さらに30分単位で電気使用量の計測できるスマートメーターが普及することで、より多様なプランの登場が予想される。2025年以降、国内人口の減少に伴い住宅分野の電力契約数は減少する見込みだが、2020年の料金規制撤廃を皮切りにピーク別料金をベースとしたプランや、HEMS、太陽光発電システム(PV)、エネルギー貯蔵システム(電気自動車や蓄電池、エコキュート、エネファームなど)を連携させ、「エネルギーの見える化」や制御機能を活用したプランなどが発売されることで市場拡大が続く。こうした影響で、電気料金型DRサービスの市場規模は2030年に300億円まで拡大するとしている。
ネガワット取引サービスは、特定規模電気事業者の多くが供給力不足に直面しているため、サービスに対するニーズは高いとしている。しかし、現時点の安価なインバランス料金はDRアグリゲーターにとってビジネスメリットに欠けると指摘。
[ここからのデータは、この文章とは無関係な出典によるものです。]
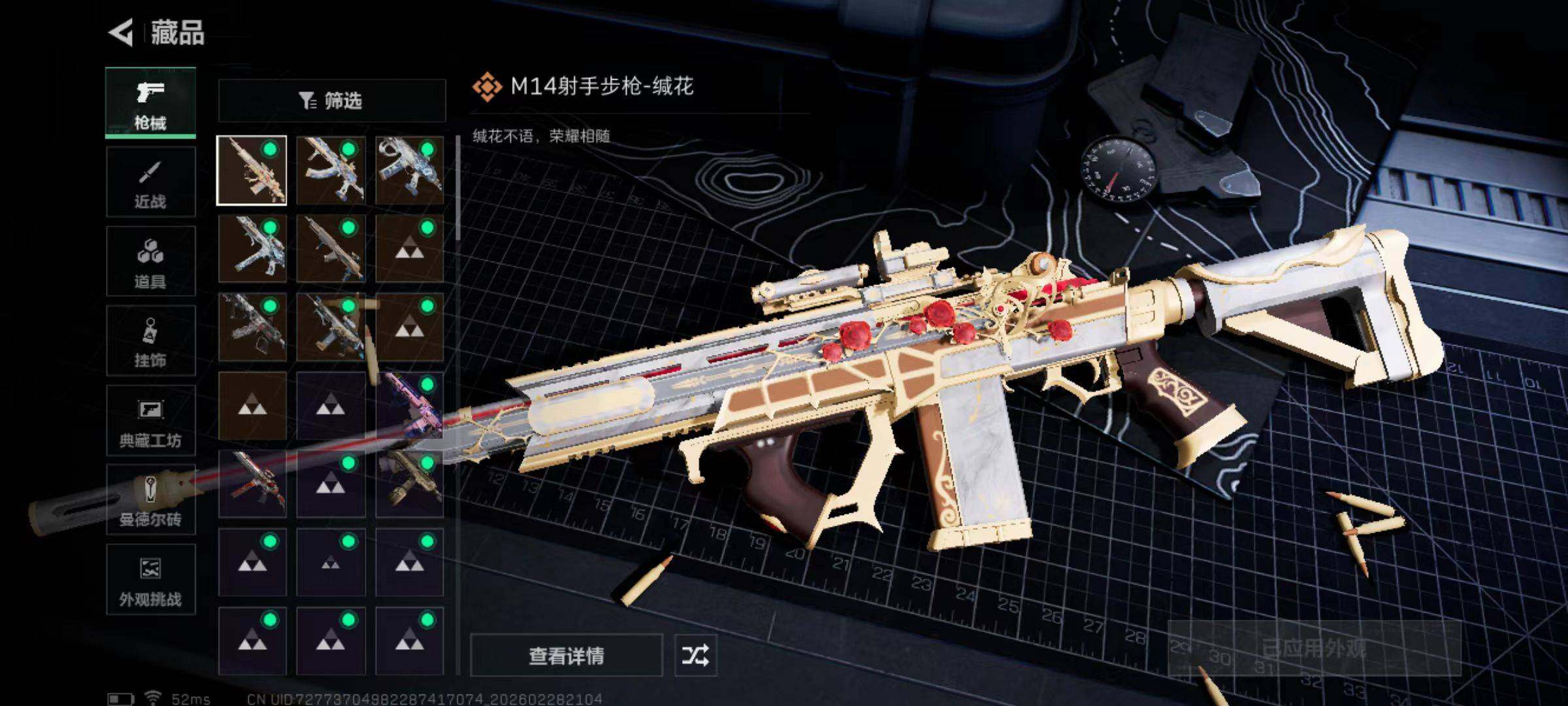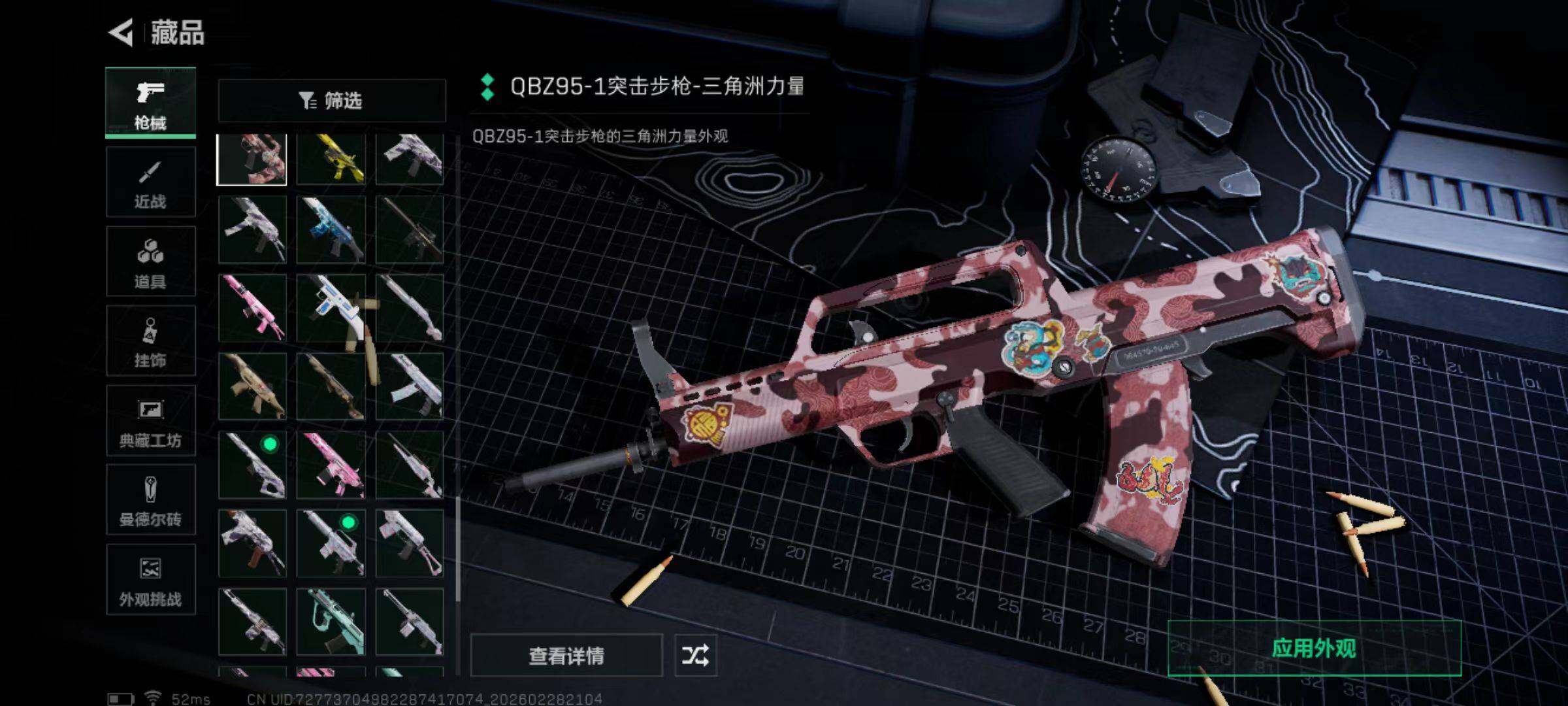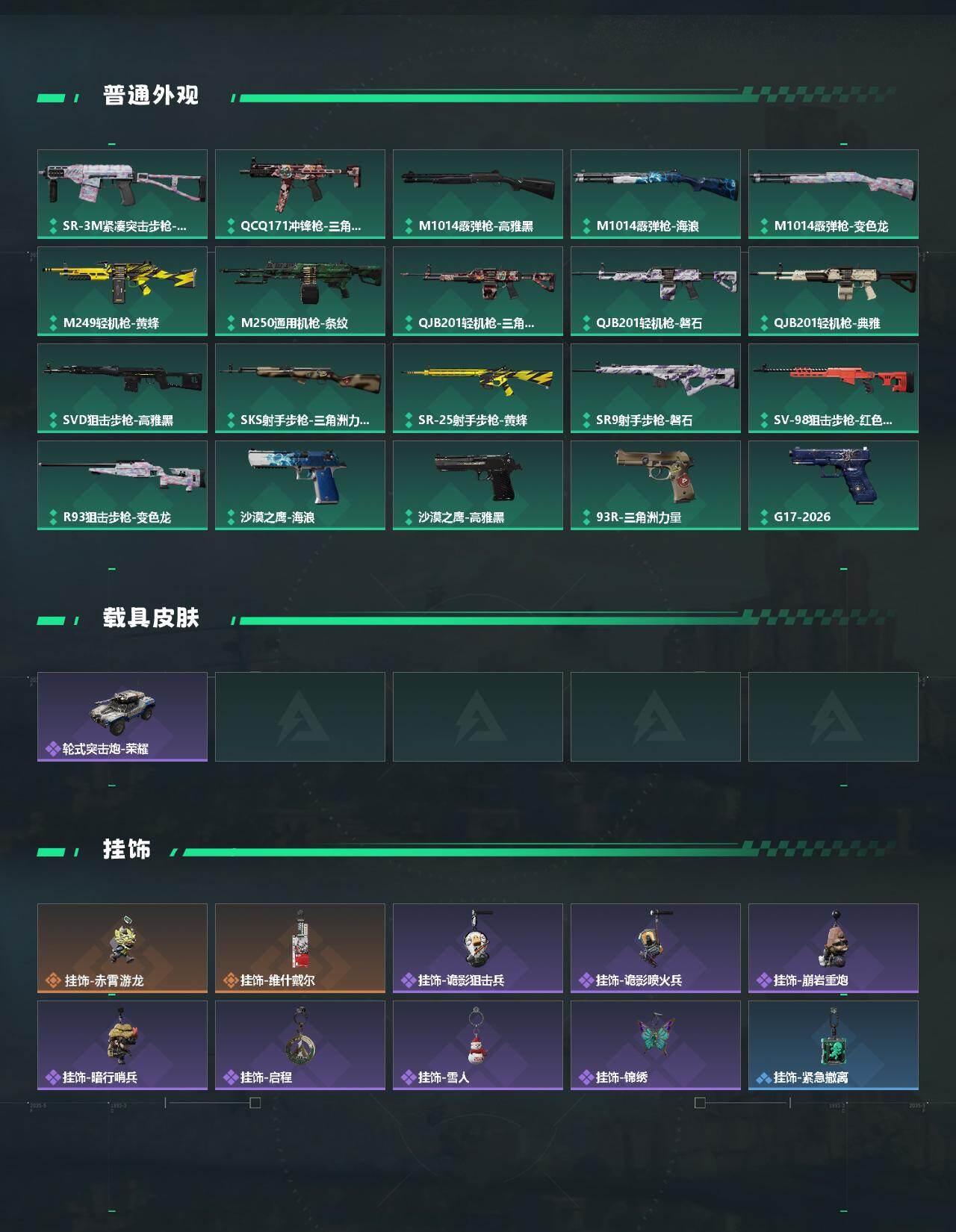 总资产(M):42M/哈夫币(K):479K/哈夫币(K):479K/传说枪皮数:10/全面战场等级:11_段位:列兵/烽火地带等级:60_段位:黄金/骇爪-水墨云图/露娜-金牌射手/近战-黑鹰/AKM突击步枪-锦绣/SG552突击步枪-运动员/SCAR-H战斗步枪-水墨云图/SCAR-H战斗步枪-启航/K437突击步枪-锦绣/KC17突击步枪-电锯惊魂/SMG-45冲锋枪-锦绣/M14射手步枪
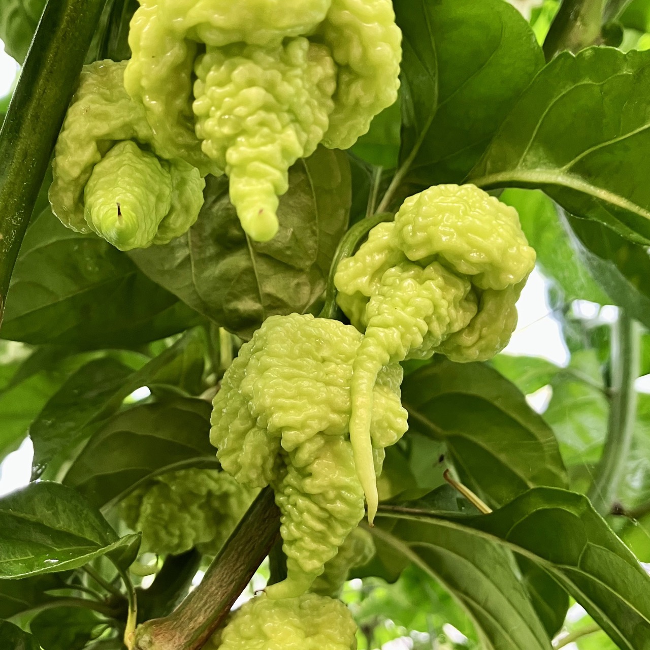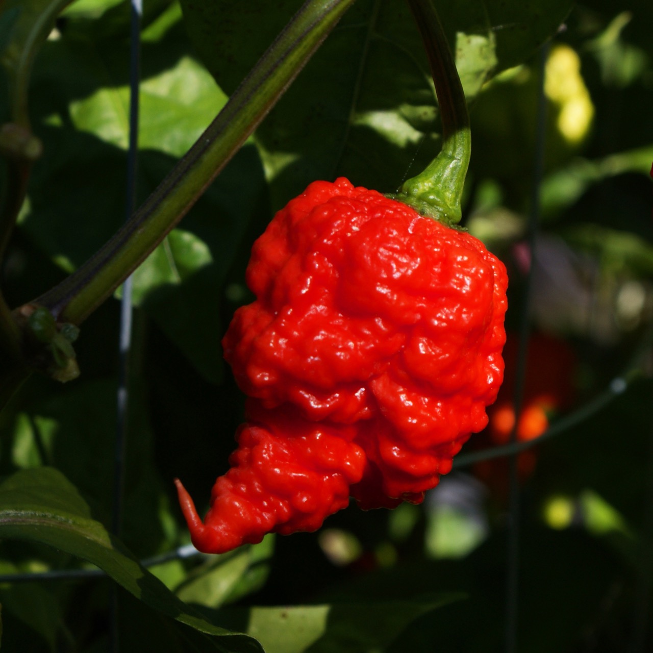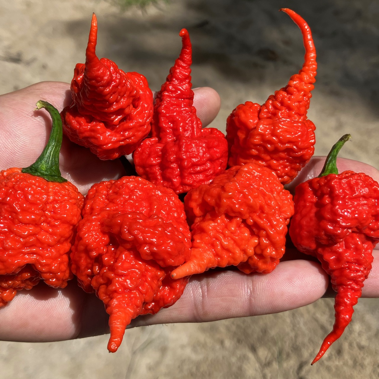 The RB003 is a spectacular superhot hybrid resulting from a cross between a yellow Carolina Reaper and a 7 Pot Brainstrain. The acronym “RB” refers both to this genetic combination (Reaper × Brainstrain) and to its creator, Australian grower Ross Barber. The fruits have a formidable appearance, resembling large Scorpions, with very bumpy and prickly skin reminiscent of the Reaper, often extended by a slender tail. They ripen from lime green to an intense dark red, offering a striking appearance. Their extreme heat rivals the world’s most potent peppers, while, for the bravest, revealing fruity and slightly sweet notes in the aftertaste.

そのため静観するDRアグリゲーターも多く、実質的な市場の立ち上がりは2018年以降としている。
その後は2020年には送配電部門の分離により、小売電気事業者には供給力確保が求められ、インバランスに対するペナルティも厳しくなると見込まれる。そのためネガワット取引のニーズが高まり、同時にインバランス料金が上昇することで市場は拡大していくと予想した。さらに2022年頃には将来の予備力を確保するため供給力取引する容量市場の創設も予想され、DRアグリゲーターなどの参入が増えるとしている。
アンシラリーサービスは、2017年4月から送配電事業者が公募により調整力調達を開始することで市場が立ち上がり、2020年のリアルタイム市場の創設を機に拡大が本格化すると見込んだ。現在、日本国内では複数の蓄電池を統合制御し、電力需給の調整に活用する実証試験が活発になっている。アンシラリーサービスは需要側への蓄電池の普及と、こうした蓄電池の統合制御技術との組み合わせ、さらに複数の需要家側のエネルギーリソースをアグリゲーションするビジネスが立ち上がることで拡大が期待できるとしている。